Heaven’s Gate is definitely serious violence. But then you have a film like A Fistful of Dollars, which is an absolute, unmitigated joy. Considering that it’s an unauthorised Italian remake of Akira Kurosawa’s Yojimbo (a lot of westerns are remakes of samurai films), it’s kind of weird that it’s the film that made Clint Eastwood a star. It’s about a man (Eastwood) who comes to town, and then literally everyone dies. In many ways, it’s the film I imagined westerns to be before I watched any – not politically, but aesthetically: that Ennio Morricone score, the rattlesnake and whipping sound effects, and an ending straight out of Back to the Future Part III. A couple of months after I saw it for the first time, an autistic woman was kicked out of a screening at the BFI in London for laughing, and a lot of heartless Daily Mail commenters made fun of the idea of Fistful of Dollars being a laugh riot. But the joke’s on them, because it’s hilarious. Clint Eastwood gives a whole speech to the antagonists about how his mule is very upset. He says “hello” in a perfectly neutral fashion when he bursts into a room to shoot everybody. The sheer number of bodies that pile up in the third act is pitch-perfect absurdity.
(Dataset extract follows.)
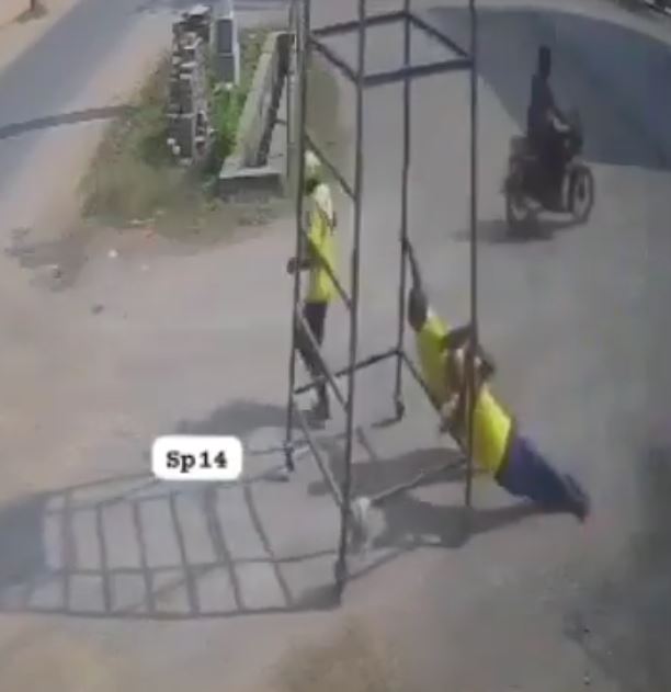 En el video que circula en plataformas digitales se puede apreciar que un grupo de tres trabajadores en la India, se encontraban moviendo un andamio metálico, el cual, pretendían llevar hasta el otro lado de una calle para realizar sus labores del día, sin embargo, no se percataron de dicha estructura era tan alta como los cables de alta tensión de la infraestructura urbana por lo que terminaron tocándolos y de forma inmediata dos de los tres trabajadores recibieron una poderosa descarga eléctrica que les quitó la vida de forma inmediata, cabe mencionar, que el tercer trabajador se salvó casi de forma milagrosa de correr el mismo destino que sus compañeros.

This should all be leading to some grand declaration about what westerns were or are or can be. But I’ve got no clue. I’m just scratching the surface. So here are my dispatches from the surface: watching westerns has so far been wonderful. Firstly that’s because it’s always wonderful to see great films for the first time, and there’s a particular kind of wonderful in seeing something great that’s nothing like anything you’ve seen before, like you’re on a voyage of discovery – like when I saw Casablanca for the first time at thirteen and realised that old black-and-white films could blow your hair back like that.
But it’s also made me understand film more. Westerns, even more so than other genre movies, feel like a discrete thing, something set apart from film in general. But watching westerns makes me see them in everything: how Taxi Driver draws on The Searchers; how Assault on Precinct 13 is exactly like a western other than being set in a city in the 1970s, or Inglourious Basterds is exactly like a western other than being set in Nazi Germany; how Star Wars is a product of the western as much as or more than of sci-fi serials and World War II movies. How Stagecoach’s low ceilings inspired Citizen Kane. Westerns as a genre are a fundamental component of the landscape of cinema, spanning from low-budget B-movies to blockbuster epics to experimental film, with roots not just in Hollywood but Italy and Japan. All art is in conversation with what came before it, and when decades upon decades of popular cinema was dominated by the western, you can’t put westerns aside without making yourself deaf to so much of that conversation.